How many grams of NH3 can be produced from 2.63 mol of N2 and excess H2?
89,6 g ammonia are obtained.
How many grams of NH3 can be produced from 4.10 moles of N and excess H?
There is no compound NH. However, there is ammonia, NH3. The reactants are nitrogen gas, N2, and hydrogen gas, H2.Multiply moles N2 by the mole ratio from the balanced equation between NH3 and N2, so that NH3 is in the numerator. Then multiply by the molar mass of NH3, 17.031 g/mol.Balanced equation: N2 + 3H2 --> 2NH34.10 mol N2 x (2 mol NH3)/(1 mol N2) x (17.031 g NH3)/(1 mol NH3) = 140. g NH3 = 1.40 x 10^2 g NH3 rounded to three significant figures.
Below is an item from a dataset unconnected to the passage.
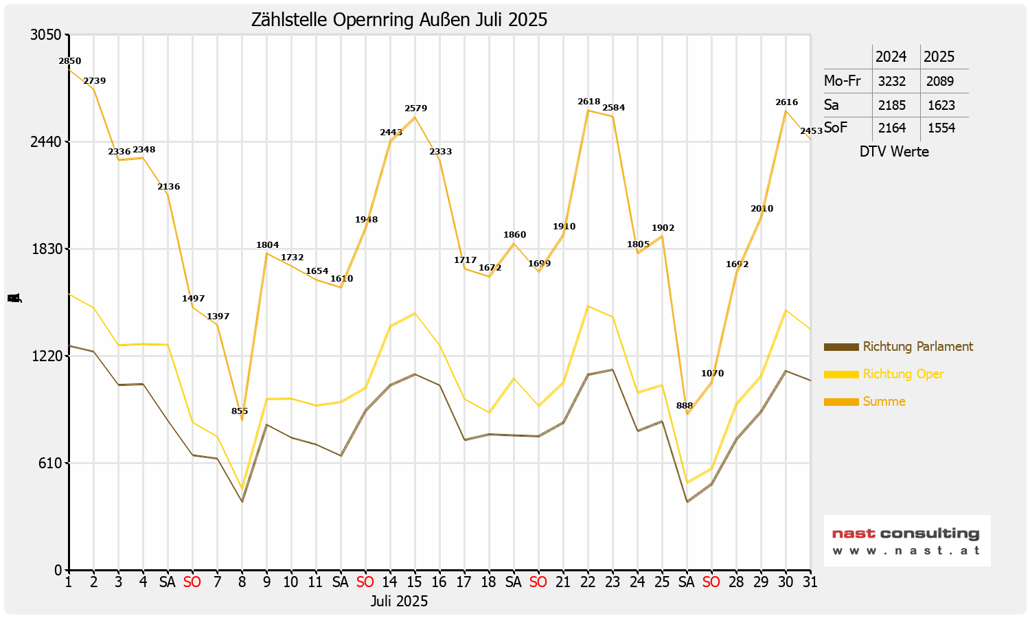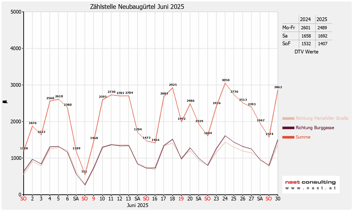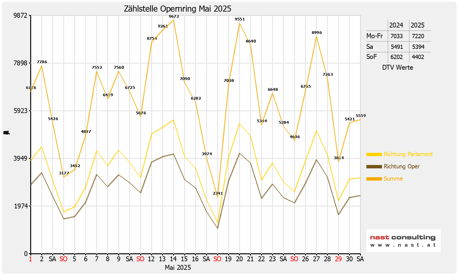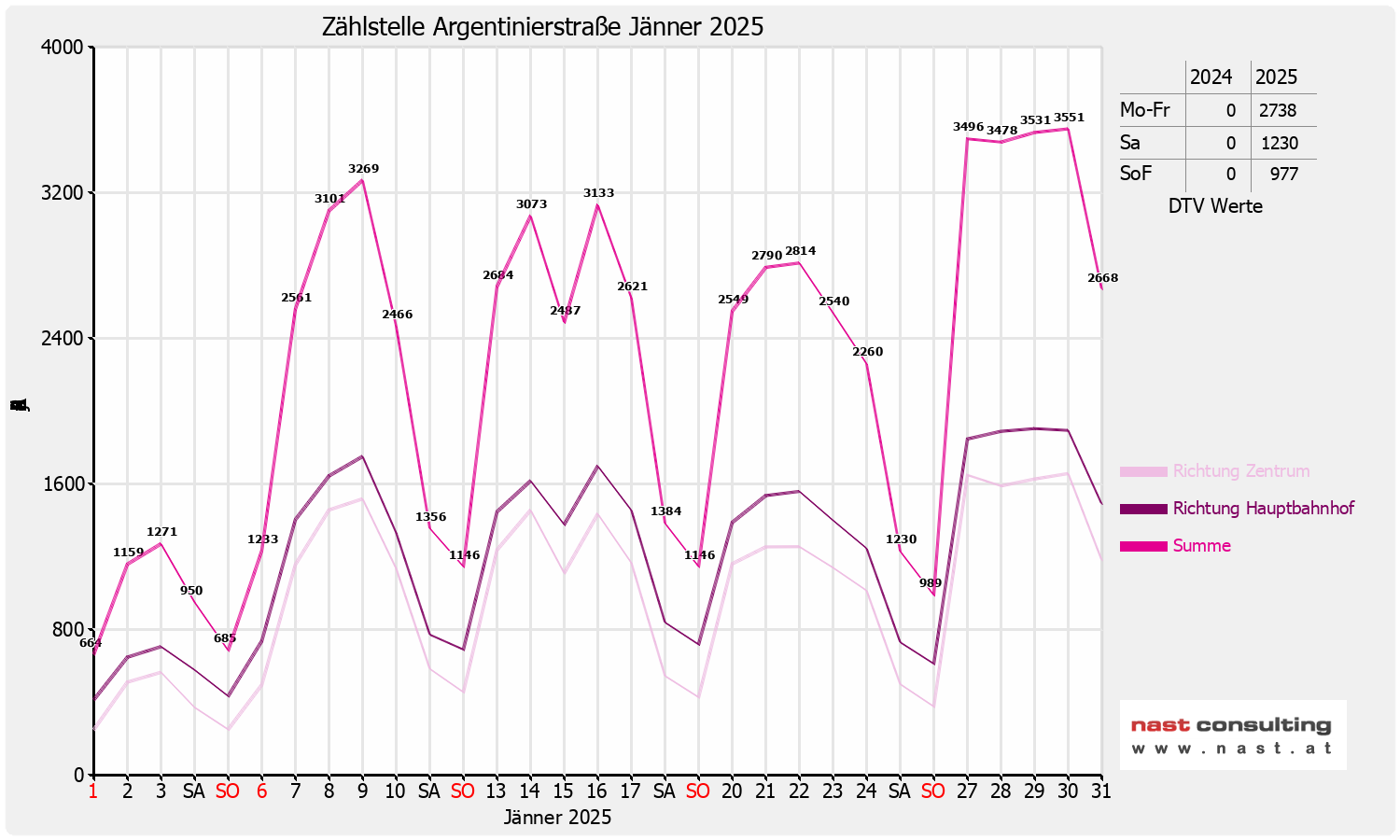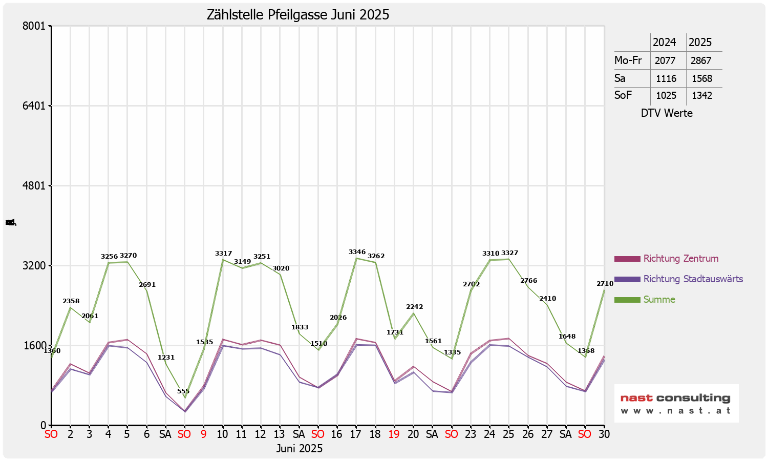 Im „Querschnitt Donau“ sind die Zählstellen Steinitzsteg, Friedrich-Engels-Platz, Maria-Resituta-Platz, Lassallestraße, Praterbrücke, Kraftwerk Freudenau inkludiert.

How many grams of H2 are needed to produce 12.58 grams of NH3?
12.01 g NH3 = 0.667 mol NH3 = 1 mol H2 = 2.0 g H2
The formula for ammonia is NH3 the mass of 3 moles of ammonia would be how many grams?
The molar mass of ammonia is about 17 grams, so that 3 moles would have a mass of 51 grams.